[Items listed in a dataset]
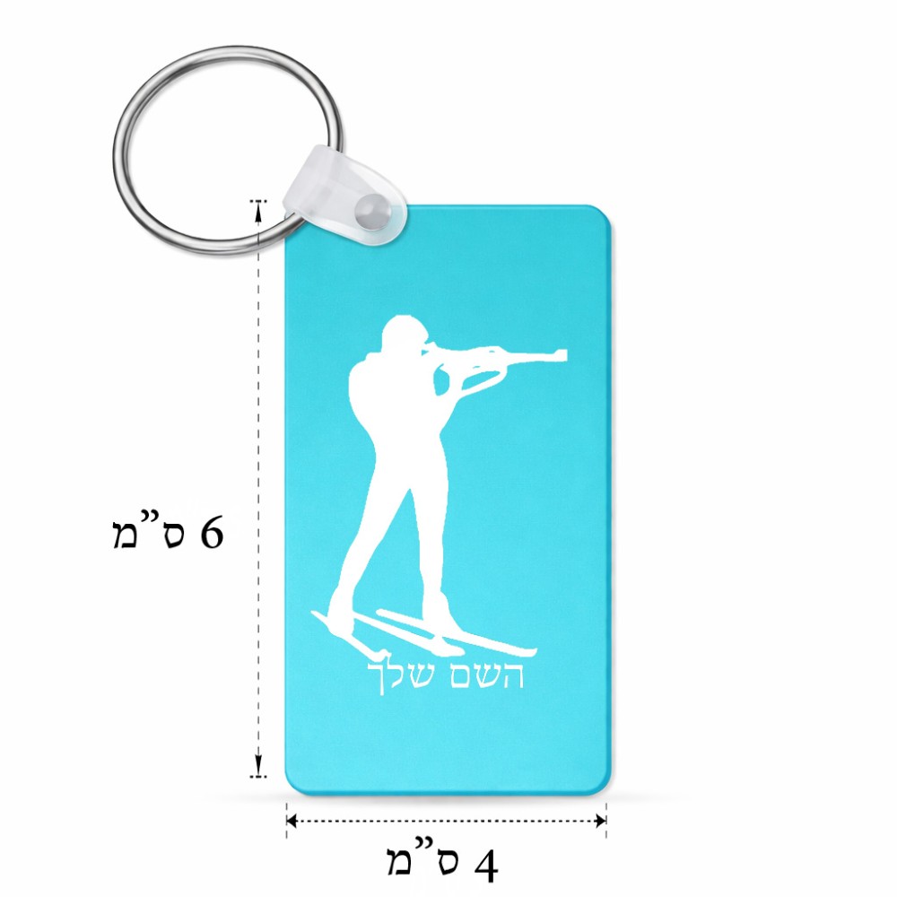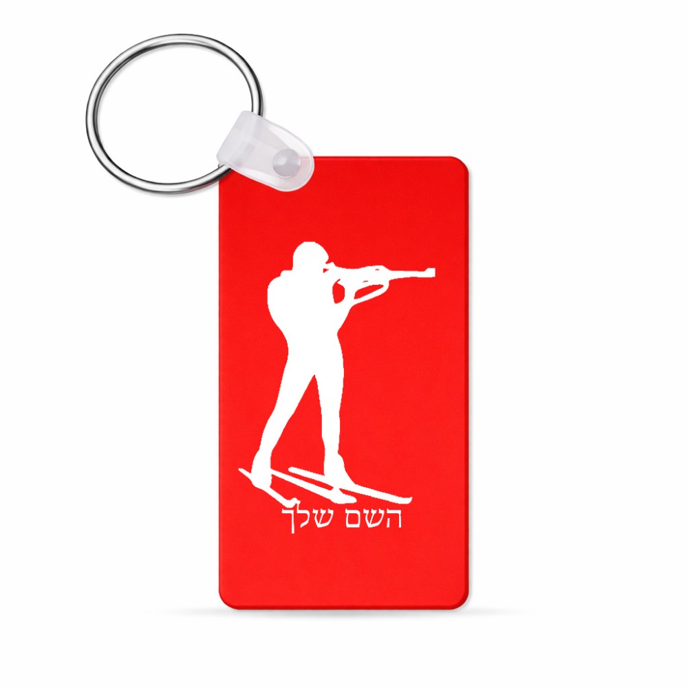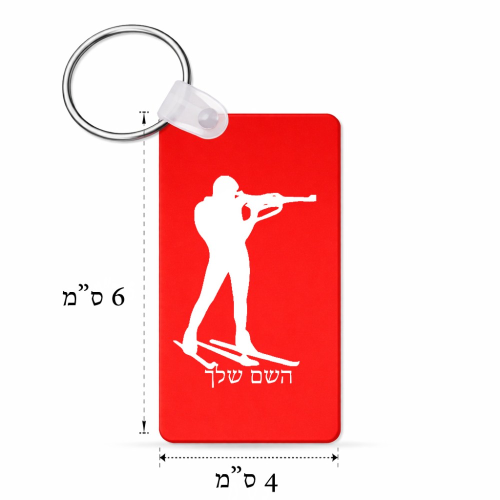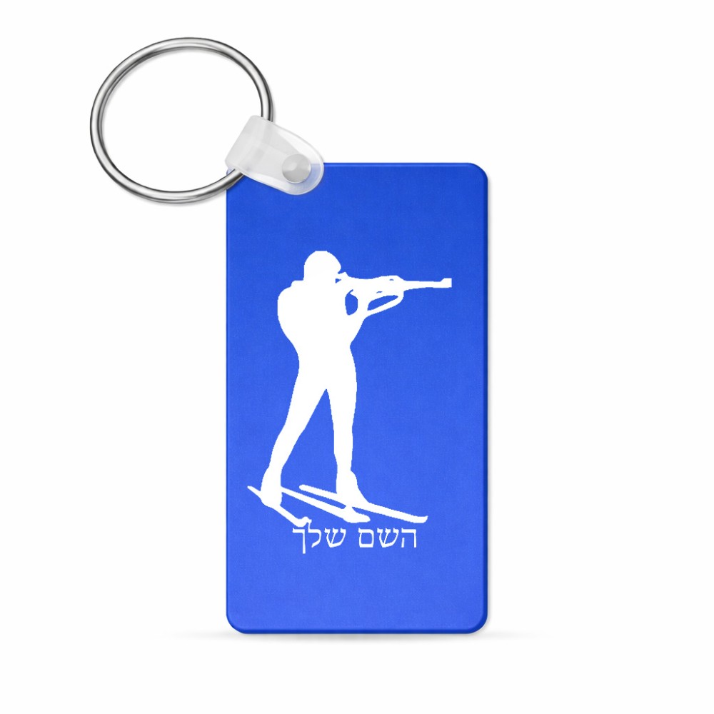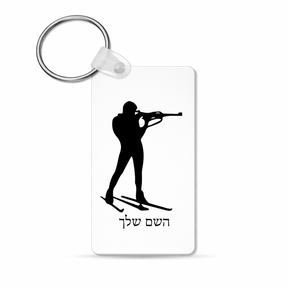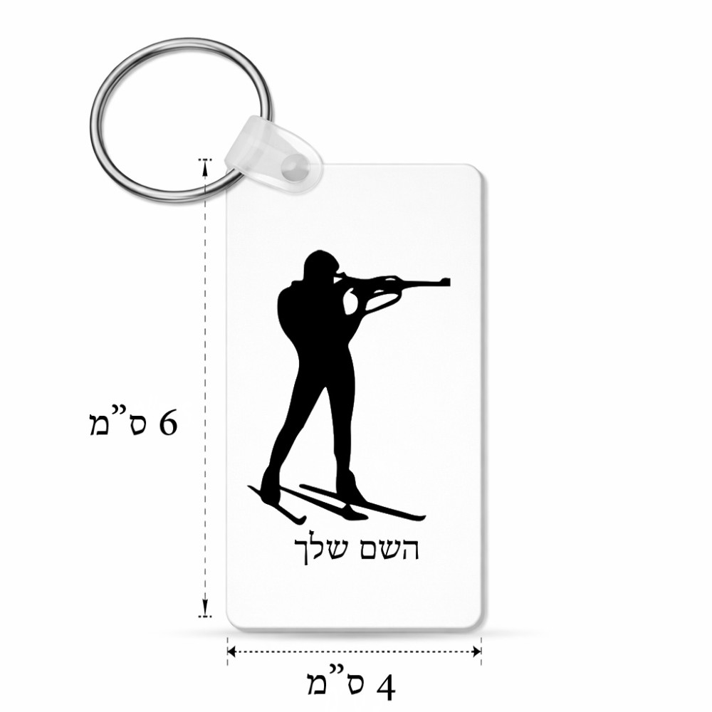 מחזיק מפתחות בצורת מלבן בעיצוב אישי עם השם שלך בעיצוב ביאתלון גודל המחזיק 6 × 4 ס"מ. את השם המבוקש ניתן לציין בהזמנה, אם לא צויין אנחנו ניצור קשר לבירור.
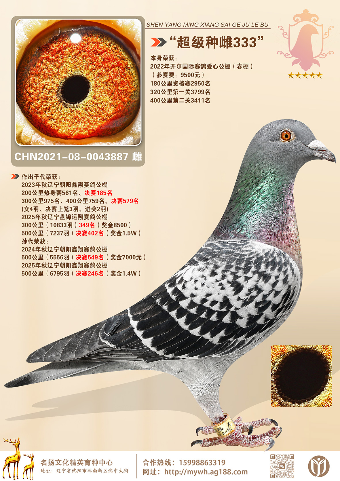 顶级赛鸽!德国RV 五月鸽王亚军.两次季军出自“顶级种鸽 飓风 487”x“超级鸽王 274 直女”
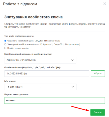 Для підписання КЕП, заповніть необхідні поля та натисніть “Зчитати”.
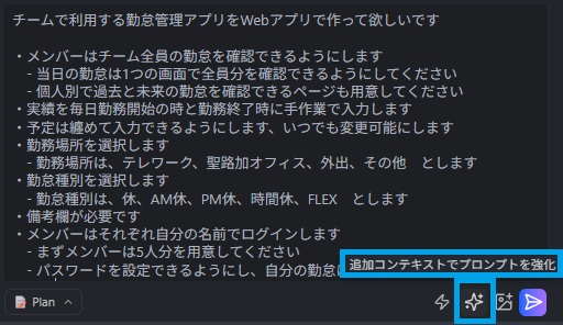 「プロンプト強化機能」を利用することで、説明が不足している部分をBobが具体的に補完し、精度の高いプロンプトへとブラッシュアップしてくれます。
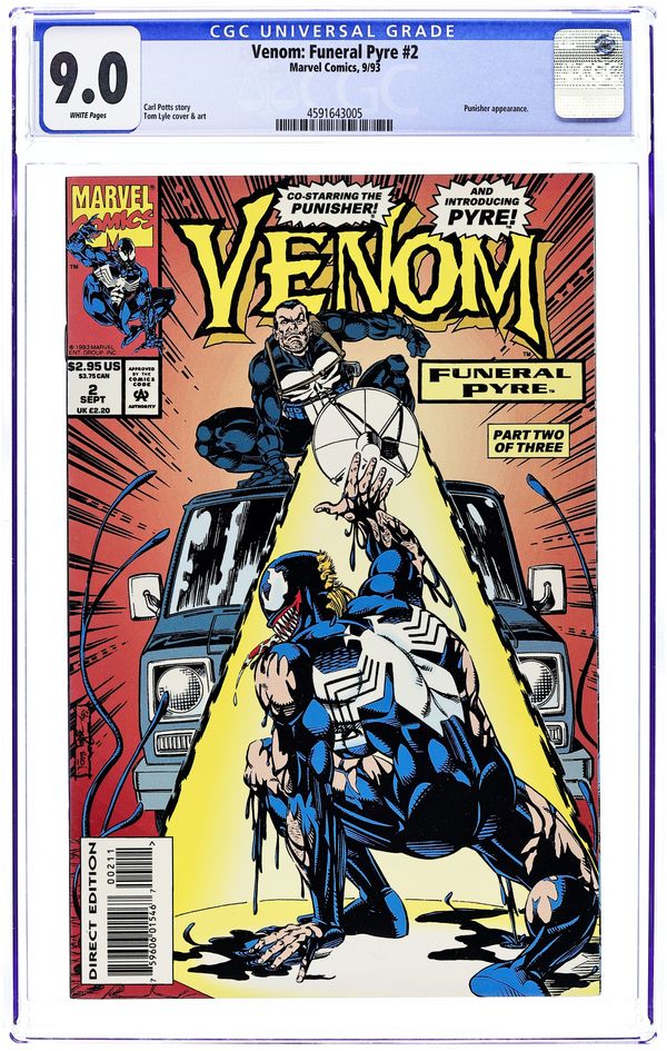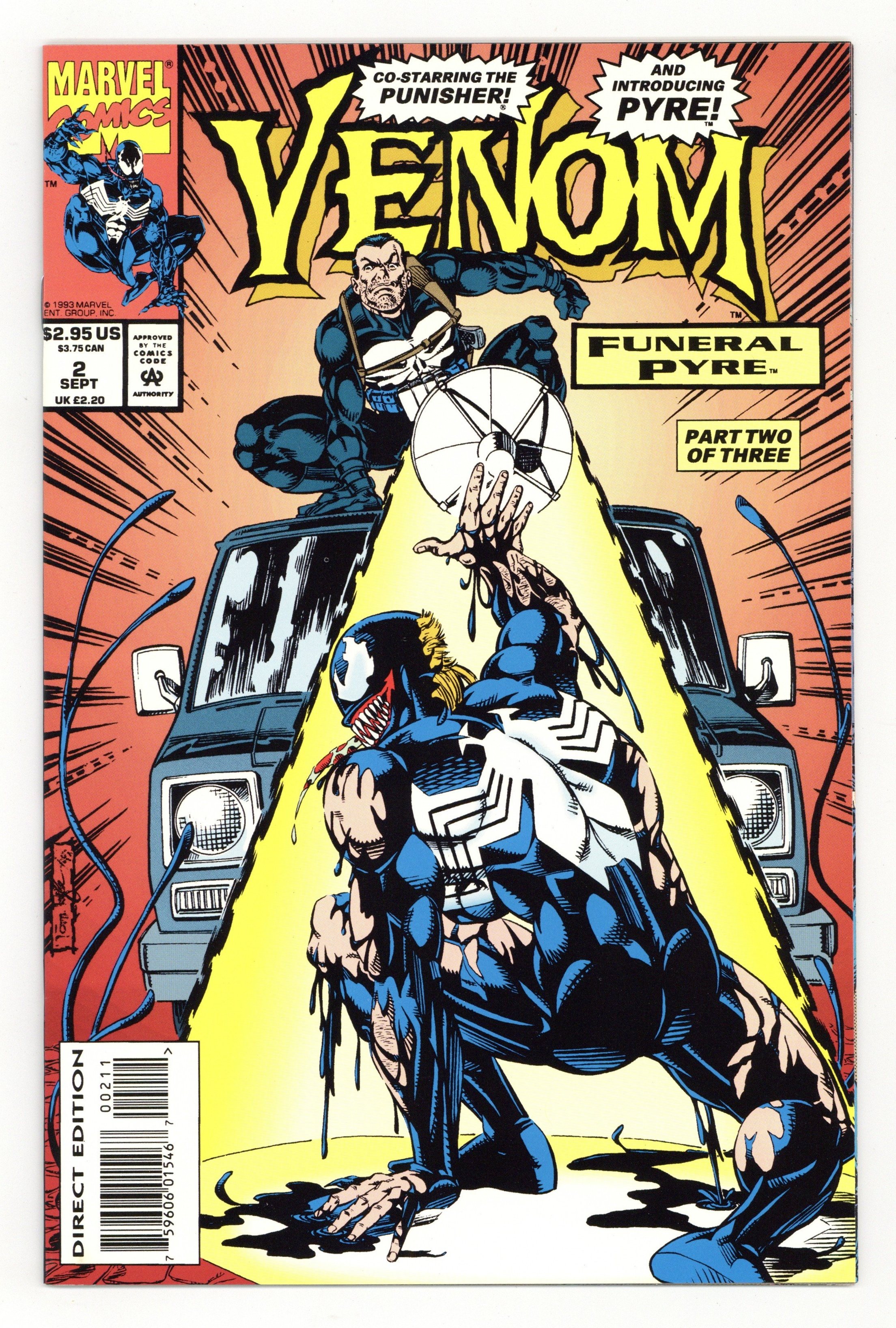 Direct Edition. The Punisher guest stars. When Venom and the Punisher team up to take on street gangs armed with super technology, they witness the birth of the new super villain, Pyre! Written by Carl Potts. Art by Tom Lyle, Joe Rubinstein and Al Milgrom. Cover by Tom Lyle. Cover price $2.95.
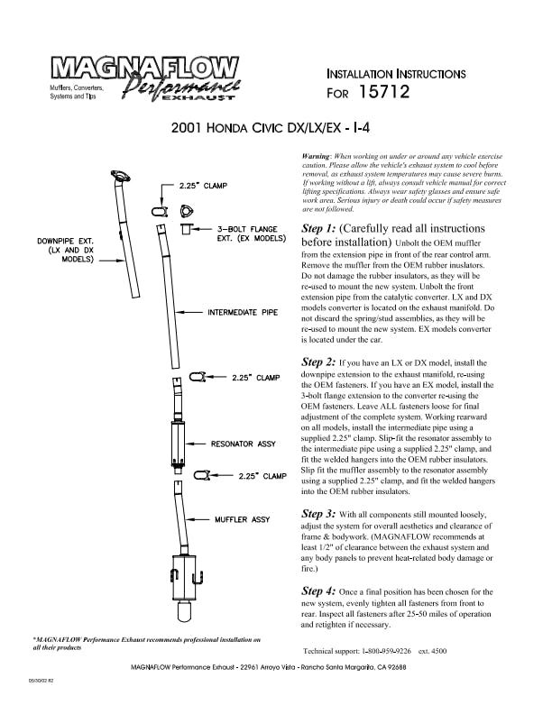 The MagnaFlow 2001-2005 Honda Civic Street Series Cat-Back Performance Exhaust System brings out the personality of your 1.7L 2001-2005 Honda Civic with our signature resonant, powerful engine tone and dyno-proven performance. Thanks to its fast-flowing, mandrel bent 2.25in. main piping and 2 Straight-Through mufflers ending in a Single Straight Passenger Side Rear exit with 4in. Polished Welded-On Double Wall Angle Cut Folded Edge tips, this Honda Civic exhaust kit has the performance chops to match its sporty sound and appearance. Upgrade your ride to the next level with an exhaust that has the pipes to put other Honda Civic's to shame. With this system your vehicle will be producing Moderate exterior and Mild interior sound levels while leaving other cars and trucks feeling envious at every stoplight. Exhaust kit 15712 features a cat-back layout that replaces your ride's stock exhaust components from near the catalytic converter on back. Extensive 3D scanning during development has resulted in a direct-fit design that you can easily install yourself. 15712 is produced using CNC precision robotic manufacturing techniques and is backed by MagnaFlow's 1-year limited finish warranty and limited lifetime construction warranty.

* _Problem to work on_
Copy nothing but the lines above that run from the one with "Для підписання КЕП, заповніть" to the one with "Direct Edition. The", ends included; pictures stay out.

* _Completed task_
 Для підписання КЕП, заповніть необхідні поля та натисніть “Зчитати”.
 「プロンプト強化機能」を利用することで、説明が不足している部分をBobが具体的に補完し、精度の高いプロンプトへとブラッシュアップしてくれます。
 Direct Edition. The Punisher guest stars. When Venom and the Punisher team up to take on street gangs armed with super technology, they witness the birth of the new super villain, Pyre! Written by Carl Potts. Art by Tom Lyle, Joe Rubinstein and Al Milgrom. Cover by Tom Lyle. Cover price $2.95.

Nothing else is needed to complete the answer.